At the start of the Crimean War in 1853, her application to join Florence Nightingale’s nursing team was refused because of her ethnicity. Undeterred, Mary Seacole sailed to The Crimea at her own expense where she opened the British Hotel near Balaclava a few months later in 1855 which she used as a base to transport food, wine, and medicines across the country to the battlefield front lines. She obtained special passes, which allowed her to look after the wounded and dying on both sides. Although her contribution was largely written out of history, a 2004 poll ranked her as the greatest black Briton ever. Her statue stands outside of St Thomas hospital in London, reinforcing her place in British history.
Yoshioka Yayoi was a Japanese physician, women’s rights activist, and educator who was the founder of Japan's first medical school for women. The daughter of a physician, Yayoi grew up in a time century when women's education was frowned upon.
In spite of this, she graduated from the Saisei-Gakusha school of medicine and received the 27th medical license granted to a woman in Japan. Realizing the difficulty of this career path for women in Japan, she resolved to start her own school of medicine, which she did before she was 30 years old. During her 53-year tenure as president, the Tokyo Women's Medical Institute educated more than 7,000 women doctors. Yoshioka also operated a hospital and was an active participant in government organisations. In 1955, she received the Fujin Bunka Sho, the highest award given to women in Japan.
Dr. Georgia E.L. Patton was born into slavery in 1864, and she became the first black woman to be licensed as a doctor in Tennessee. After obtaining her medical degree in 1893 from the Medical Department of Central Tennessee College, Patton left immediately for Liberia as a medical missionary, where she served for two years despite her church’s refusal to fund the trip.
Patton contracted tuberculosis on what she thought would be a temporary trip back to the U.S., and never fully regained her health. Still, she set up a private practice in Memphis, where she was the only black female doctor. Patton practiced there for a few years, married, and had two children who died in infancy. Patton was only 36 years old when she died in 1900.
Helen Mayo was an Australian physician and educator who was best known for helping to drastically decrease the high infant mortality rate in South Australia at the beginning of the 20th century and founding the first infant-mother health association in the region which was first known as the School of Mothers in Adelaide and later became the famous Mothers’ and Babies’ Health Association.

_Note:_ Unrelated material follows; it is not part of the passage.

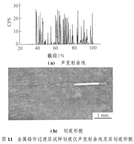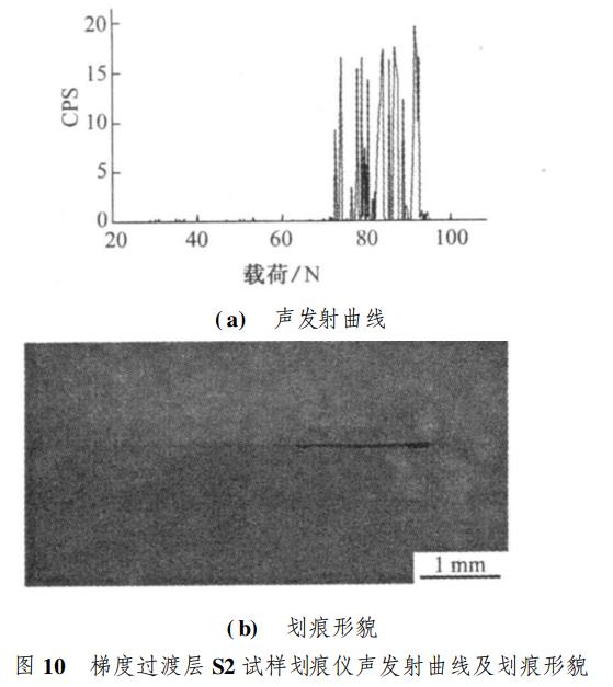 由圖10和圖11可以看出,采用梯度過渡層的S2試樣,當載荷小于70N時劃痕邊緣沒有崩膜,至載荷為72N時,其聲信號明顯增強,開始出現膜脫落現象,裸露出基體;而直接采用金屬鉻作過渡層的試樣,當加載到41N時就開始出現膜脫落現象,至70N時膜已全部脫落,露出白色基體,說明采用梯度過渡層所制備的DLC膜與基體的結合強度比單純用鉻作為過渡層制備的膜的結合強度大。

From the start of her career, Dr. Mayo had advocated the need for educating new mothers in looking after their babies. Dr. Mayo also made a significant contribution to the life of South Australians outside of the sphere of mothers' and babies' health. During World War II she organised the Red Cross donor transfusion service. Helen Mayo died in 1967. Various places bear her name in recognition of her enormous and varied contribution.
Born in Polokwane in 1916, Dr. Malahele-Xakana attended the University of Fort Hare as an undergraduate; and in 1941 received support from the Native Trust Fund to study medicine at the University of Witwatersrand where she graduated in 1947 making her the first Black woman to register as a medical doctor in South Africa.
In addition to medicine, Dr. Malahele-Xakana dedicated her life to community work for 34 years of her life. She was a founding member of the Young Women's Christian Association (YWCA), a movement working for the empowerment, leadership and rights of women; and active in the peace and anti-apartheid movements. Her last moment on this earth was spent in service, as In 1982, she collapsed and died while doing voluntary service for anti-apartheid activist and Mandela family physician, Dr Nthato Motlana. In 2015 the University of Witwatersrand erected a plaque on its grounds as a memorial to Dr Malahlela.